Life changes, although glacial, gradually eroded the disorder. A year’s bout with severe depression led to weight gain. Over time, the old system of starvation and purging simply fell apart, became too stultifying and oppressive to maintain. I recall the ironic mixture of dismay and elation of watching this happen, knowing I no longer had the will or energy to starve or to self-destruct but not really knowing how to live differently, how to deal with issues in my life or make choices, how to define and respond to hunger.
Relinquishing those established rules of eating, discarding time-honored rituals of starving and binging followed by frenzied exercise gave way to a quiet, persistent sorrow, an emptiness I can neither identify nor can I fill with my work, by burying myself in academics, through volunteering, or even through the love of my husband. It is a sadness that has no name and I grieve for it still.
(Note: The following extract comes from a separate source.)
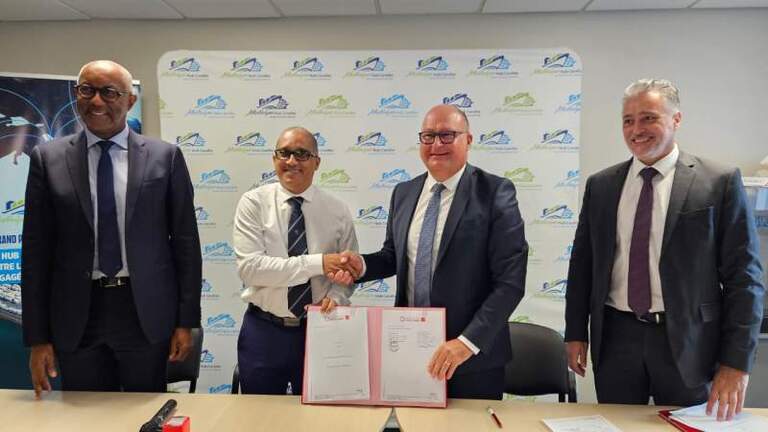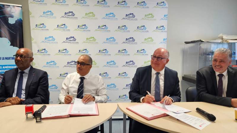 En présence des médias et des principaux acteurs du projet, la cérémonie a rassemblé Bruno Mencé, président du directoire du GPMLM, Philippe Jock, président du conseil de surveillance et président de la CCIM, ainsi que Yvanh Alingery, directeur d’exploitation du GPMLM. Côté Banque des Territoires, étaient présents M. Loïc Rolland, directeur Antilles, et Roland Picot, directeur Martinique.

Today I eat. That in itself is a statement of triumph. Today, I strive to inhabit my body instead of fighting it. I counter the urges to stick my head in a toilet and purge until my throat feels sore and raw with that of vanity for my teeth. Weakened and eroded by years of vomiting, I’ve had to have two polished and one bonded. I keep in mind my heart with its leaky valve, damaged by malnutrition, ephedra, and emetic use. I tell myself that I am weighing my body on the scale, not my self-worth. Some days, I even believe it.
And so, this story of my body brings me to where my writing leaves off – with a pain of remembrance, longing, and hope.